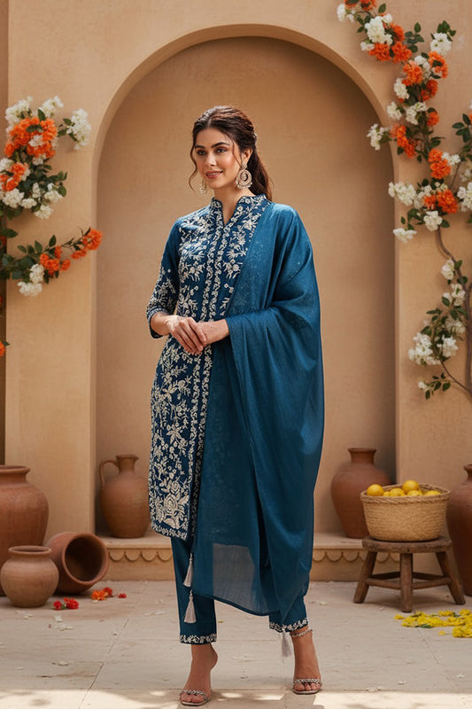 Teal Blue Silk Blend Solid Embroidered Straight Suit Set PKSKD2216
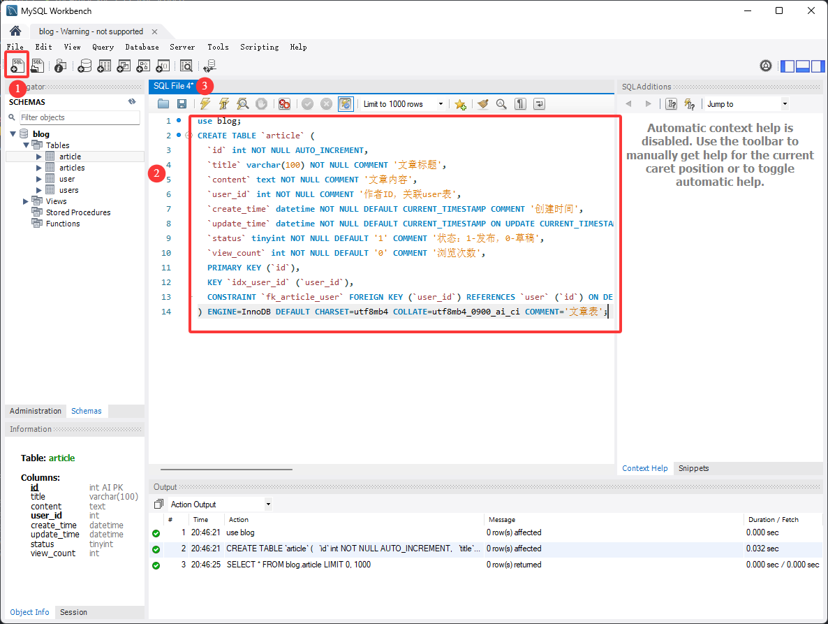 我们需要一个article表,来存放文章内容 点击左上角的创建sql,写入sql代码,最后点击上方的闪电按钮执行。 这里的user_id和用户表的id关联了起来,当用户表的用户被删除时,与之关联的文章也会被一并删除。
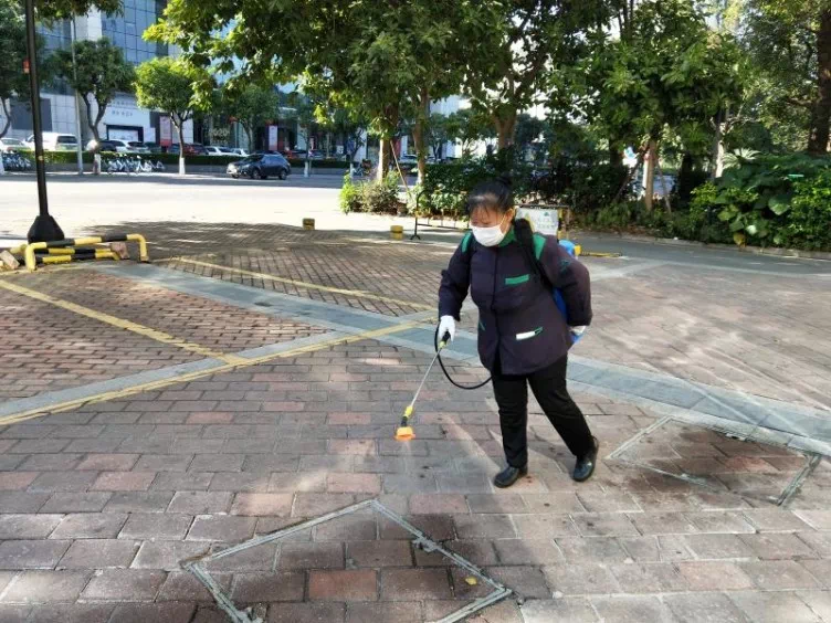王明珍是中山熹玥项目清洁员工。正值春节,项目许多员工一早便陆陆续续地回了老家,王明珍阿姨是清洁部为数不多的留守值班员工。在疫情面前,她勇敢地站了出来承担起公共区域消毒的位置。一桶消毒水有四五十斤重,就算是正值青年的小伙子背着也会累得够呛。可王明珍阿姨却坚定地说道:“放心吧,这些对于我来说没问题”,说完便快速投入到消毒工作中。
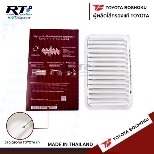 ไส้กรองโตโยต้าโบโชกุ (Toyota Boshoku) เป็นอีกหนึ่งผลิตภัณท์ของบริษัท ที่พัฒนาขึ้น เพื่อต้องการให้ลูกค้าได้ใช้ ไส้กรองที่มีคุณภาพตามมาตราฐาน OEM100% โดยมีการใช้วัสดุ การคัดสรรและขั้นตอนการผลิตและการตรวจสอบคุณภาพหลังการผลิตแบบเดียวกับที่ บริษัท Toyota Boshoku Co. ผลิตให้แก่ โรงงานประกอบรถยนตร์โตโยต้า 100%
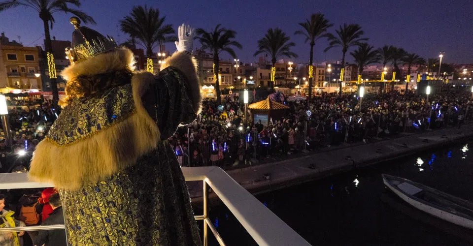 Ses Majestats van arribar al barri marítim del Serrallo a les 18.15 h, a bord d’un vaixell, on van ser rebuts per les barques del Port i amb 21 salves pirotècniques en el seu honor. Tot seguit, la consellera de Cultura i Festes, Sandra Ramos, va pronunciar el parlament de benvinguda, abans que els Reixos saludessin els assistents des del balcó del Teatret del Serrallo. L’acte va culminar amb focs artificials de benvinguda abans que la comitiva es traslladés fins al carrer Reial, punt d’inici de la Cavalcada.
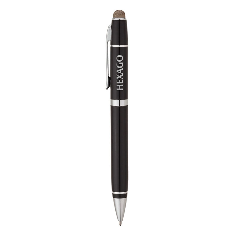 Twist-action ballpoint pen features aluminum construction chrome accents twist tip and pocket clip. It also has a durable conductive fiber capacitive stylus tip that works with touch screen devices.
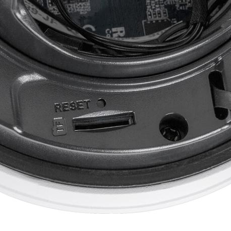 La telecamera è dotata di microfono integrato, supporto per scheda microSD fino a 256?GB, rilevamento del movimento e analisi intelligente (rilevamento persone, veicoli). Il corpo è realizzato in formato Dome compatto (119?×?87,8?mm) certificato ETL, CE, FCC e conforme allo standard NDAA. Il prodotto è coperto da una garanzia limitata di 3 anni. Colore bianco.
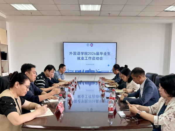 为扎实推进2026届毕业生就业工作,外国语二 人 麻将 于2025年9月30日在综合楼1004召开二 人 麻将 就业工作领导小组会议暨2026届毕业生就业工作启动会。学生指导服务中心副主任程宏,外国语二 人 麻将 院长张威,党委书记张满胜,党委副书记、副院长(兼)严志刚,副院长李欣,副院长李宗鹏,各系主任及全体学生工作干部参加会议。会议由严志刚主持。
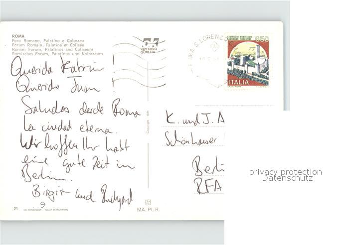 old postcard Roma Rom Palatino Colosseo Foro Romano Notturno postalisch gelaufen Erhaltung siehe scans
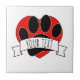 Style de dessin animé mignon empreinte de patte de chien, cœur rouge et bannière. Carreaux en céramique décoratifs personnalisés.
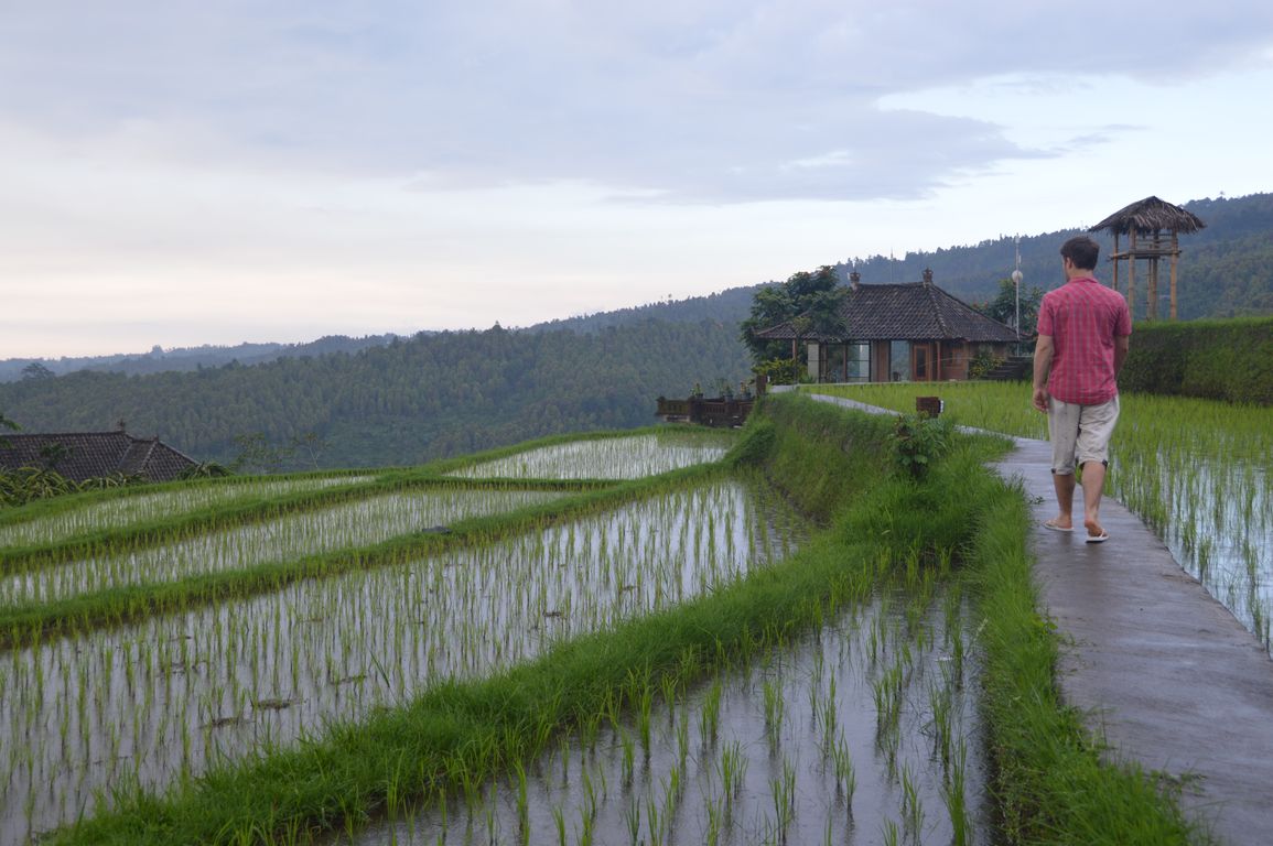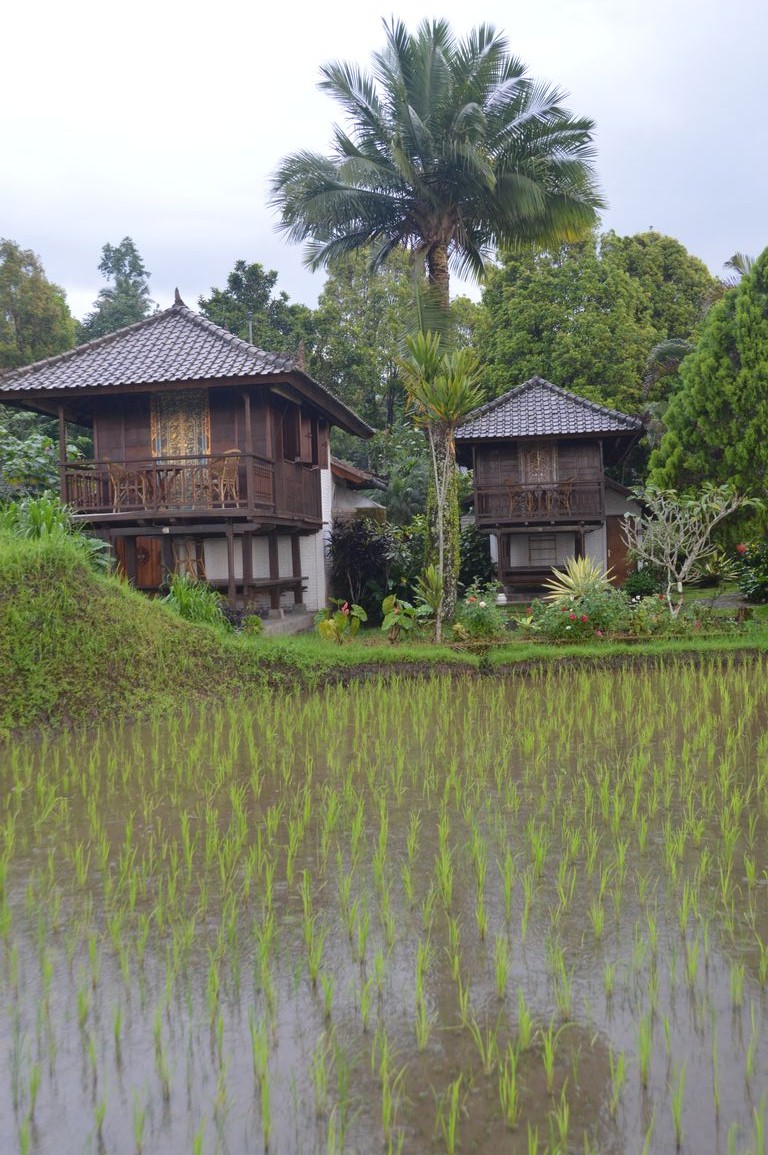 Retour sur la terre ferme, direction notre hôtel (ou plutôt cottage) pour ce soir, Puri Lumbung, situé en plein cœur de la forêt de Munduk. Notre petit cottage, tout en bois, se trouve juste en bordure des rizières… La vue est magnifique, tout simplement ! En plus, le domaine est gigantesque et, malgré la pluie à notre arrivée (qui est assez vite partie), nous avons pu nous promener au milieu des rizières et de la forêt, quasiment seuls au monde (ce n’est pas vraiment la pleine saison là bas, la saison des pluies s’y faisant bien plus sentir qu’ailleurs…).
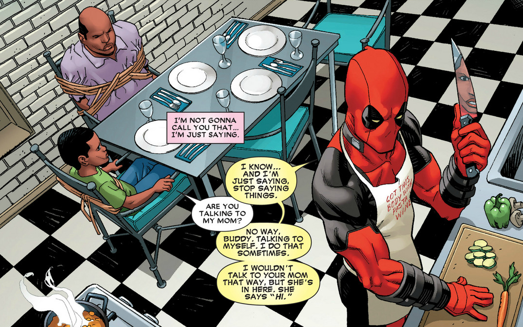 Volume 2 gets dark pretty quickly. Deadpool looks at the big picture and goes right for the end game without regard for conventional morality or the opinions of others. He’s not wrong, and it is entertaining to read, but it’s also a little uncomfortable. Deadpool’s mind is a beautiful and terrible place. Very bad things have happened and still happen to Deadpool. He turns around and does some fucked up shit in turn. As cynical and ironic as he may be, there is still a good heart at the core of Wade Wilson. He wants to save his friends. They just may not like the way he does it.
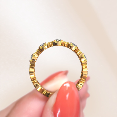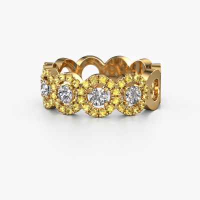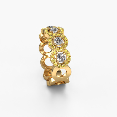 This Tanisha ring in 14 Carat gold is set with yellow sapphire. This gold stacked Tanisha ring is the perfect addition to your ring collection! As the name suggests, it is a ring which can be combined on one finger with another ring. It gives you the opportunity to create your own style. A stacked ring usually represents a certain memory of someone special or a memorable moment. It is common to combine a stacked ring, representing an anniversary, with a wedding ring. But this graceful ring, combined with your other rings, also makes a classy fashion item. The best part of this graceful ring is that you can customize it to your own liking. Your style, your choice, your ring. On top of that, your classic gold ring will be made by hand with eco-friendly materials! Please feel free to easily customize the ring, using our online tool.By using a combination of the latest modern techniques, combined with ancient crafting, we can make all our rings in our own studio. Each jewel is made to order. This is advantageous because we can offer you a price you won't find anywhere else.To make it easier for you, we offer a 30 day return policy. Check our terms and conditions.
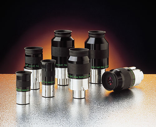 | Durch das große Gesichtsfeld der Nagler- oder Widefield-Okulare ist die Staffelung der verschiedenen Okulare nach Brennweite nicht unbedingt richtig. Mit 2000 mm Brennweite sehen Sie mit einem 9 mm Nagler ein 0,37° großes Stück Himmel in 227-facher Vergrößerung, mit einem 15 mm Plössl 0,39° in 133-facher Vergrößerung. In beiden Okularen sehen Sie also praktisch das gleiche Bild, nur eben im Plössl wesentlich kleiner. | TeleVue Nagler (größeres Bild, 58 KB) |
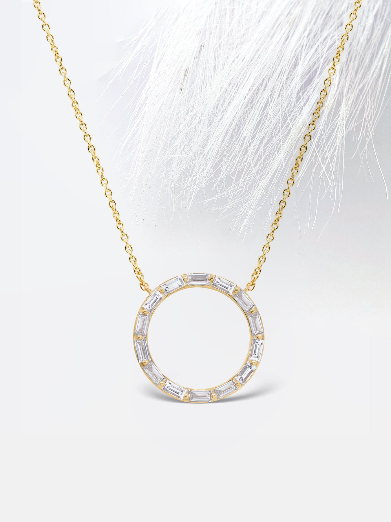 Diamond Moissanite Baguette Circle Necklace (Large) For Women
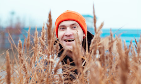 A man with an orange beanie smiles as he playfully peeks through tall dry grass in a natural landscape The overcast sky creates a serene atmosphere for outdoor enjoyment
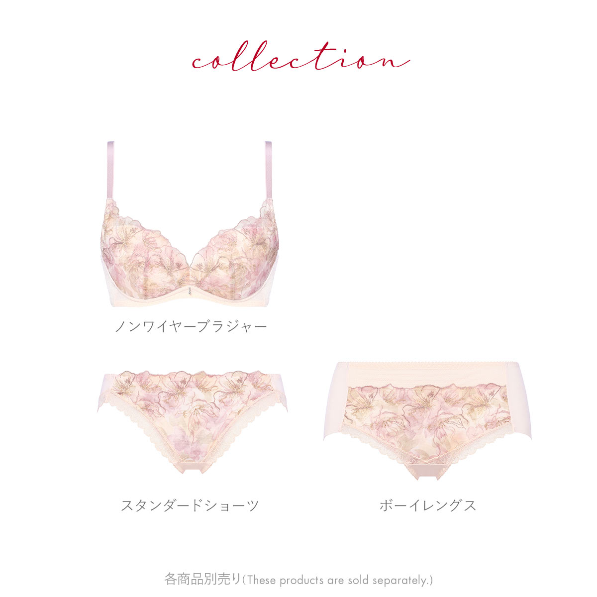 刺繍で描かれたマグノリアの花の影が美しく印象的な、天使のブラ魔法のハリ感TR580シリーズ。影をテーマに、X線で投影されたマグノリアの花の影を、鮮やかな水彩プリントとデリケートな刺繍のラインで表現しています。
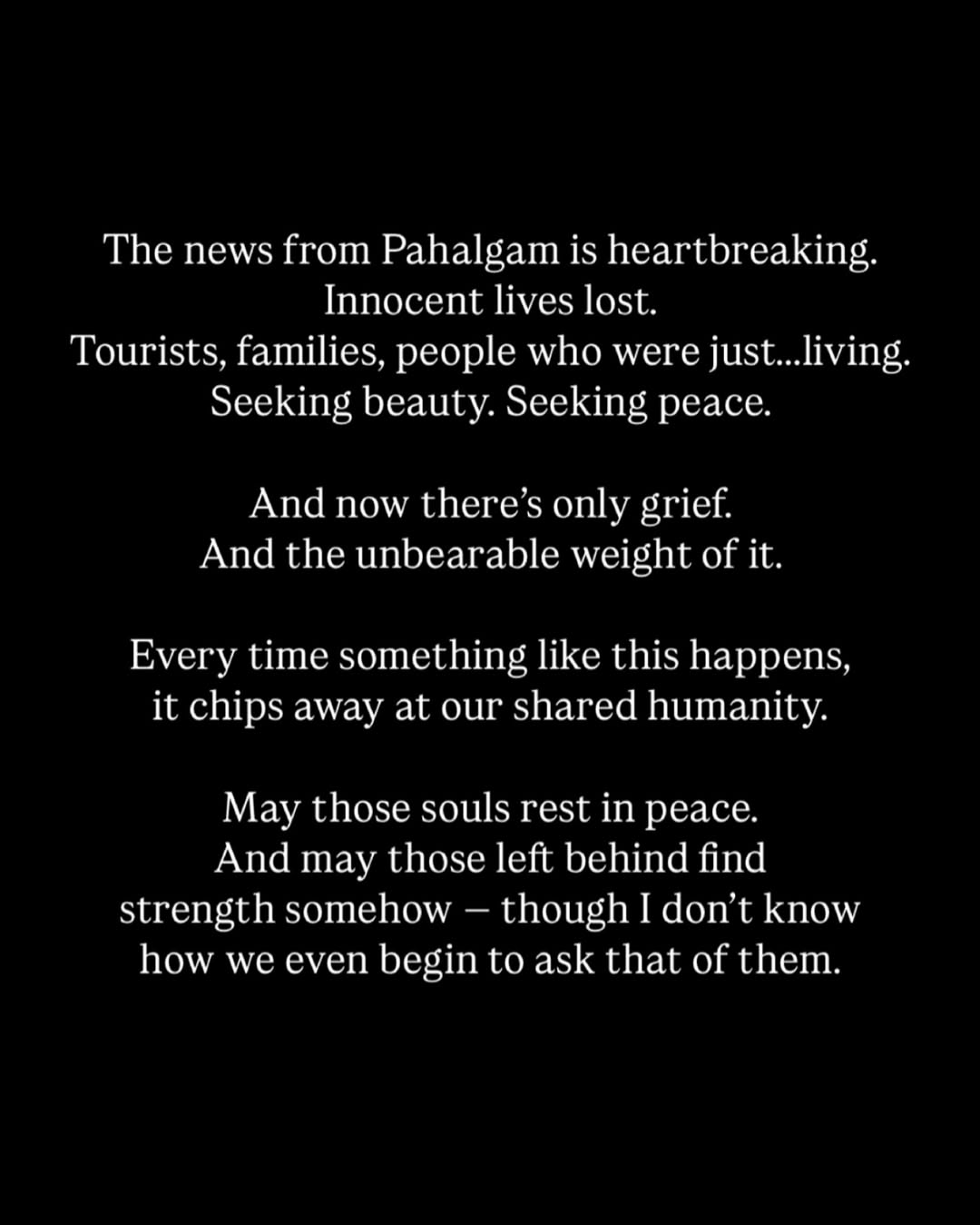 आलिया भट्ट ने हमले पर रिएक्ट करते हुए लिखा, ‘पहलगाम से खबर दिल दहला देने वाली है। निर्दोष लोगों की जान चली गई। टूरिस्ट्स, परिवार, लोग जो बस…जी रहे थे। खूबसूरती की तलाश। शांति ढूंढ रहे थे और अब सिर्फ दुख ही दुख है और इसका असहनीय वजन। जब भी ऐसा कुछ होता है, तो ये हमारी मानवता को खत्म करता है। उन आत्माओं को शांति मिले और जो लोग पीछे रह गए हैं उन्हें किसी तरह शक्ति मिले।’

□ □ □ □ □

**TRY IT:** Only the lines from the beginning of the records up to and including the line with "old postcard Roma" should appear, exactly as they are, and no pictures.

**OUTPUT OF THE EXERCISE:**
 Teal Blue Silk Blend Solid Embroidered Straight Suit Set PKSKD2216
 我们需要一个article表,来存放文章内容 点击左上角的创建sql,写入sql代码,最后点击上方的闪电按钮执行。 这里的user_id和用户表的id关联了起来,当用户表的用户被删除时,与之关联的文章也会被一并删除。
王明珍是中山熹玥项目清洁员工。正值春节,项目许多员工一早便陆陆续续地回了老家,王明珍阿姨是清洁部为数不多的留守值班员工。在疫情面前,她勇敢地站了出来承担起公共区域消毒的位置。一桶消毒水有四五十斤重,就算是正值青年的小伙子背着也会累得够呛。可王明珍阿姨却坚定地说道:“放心吧,这些对于我来说没问题”,说完便快速投入到消毒工作中。
 ไส้กรองโตโยต้าโบโชกุ (Toyota Boshoku) เป็นอีกหนึ่งผลิตภัณท์ของบริษัท ที่พัฒนาขึ้น เพื่อต้องการให้ลูกค้าได้ใช้ ไส้กรองที่มีคุณภาพตามมาตราฐาน OEM100% โดยมีการใช้วัสดุ การคัดสรรและขั้นตอนการผลิตและการตรวจสอบคุณภาพหลังการผลิตแบบเดียวกับที่ บริษัท Toyota Boshoku Co. ผลิตให้แก่ โรงงานประกอบรถยนตร์โตโยต้า 100%
 Ses Majestats van arribar al barri marítim del Serrallo a les 18.15 h, a bord d’un vaixell, on van ser rebuts per les barques del Port i amb 21 salves pirotècniques en el seu honor. Tot seguit, la consellera de Cultura i Festes, Sandra Ramos, va pronunciar el parlament de benvinguda, abans que els Reixos saludessin els assistents des del balcó del Teatret del Serrallo. L’acte va culminar amb focs artificials de benvinguda abans que la comitiva es traslladés fins al carrer Reial, punt d’inici de la Cavalcada.
 Twist-action ballpoint pen features aluminum construction chrome accents twist tip and pocket clip. It also has a durable conductive fiber capacitive stylus tip that works with touch screen devices.
 La telecamera è dotata di microfono integrato, supporto per scheda microSD fino a 256?GB, rilevamento del movimento e analisi intelligente (rilevamento persone, veicoli). Il corpo è realizzato in formato Dome compatto (119?×?87,8?mm) certificato ETL, CE, FCC e conforme allo standard NDAA. Il prodotto è coperto da una garanzia limitata di 3 anni. Colore bianco.
 为扎实推进2026届毕业生就业工作,外国语二 人 麻将 于2025年9月30日在综合楼1004召开二 人 麻将 就业工作领导小组会议暨2026届毕业生就业工作启动会。学生指导服务中心副主任程宏,外国语二 人 麻将 院长张威,党委书记张满胜,党委副书记、副院长(兼)严志刚,副院长李欣,副院长李宗鹏,各系主任及全体学生工作干部参加会议。会议由严志刚主持。
 old postcard Roma Rom Palatino Colosseo Foro Romano Notturno postalisch gelaufen Erhaltung siehe scans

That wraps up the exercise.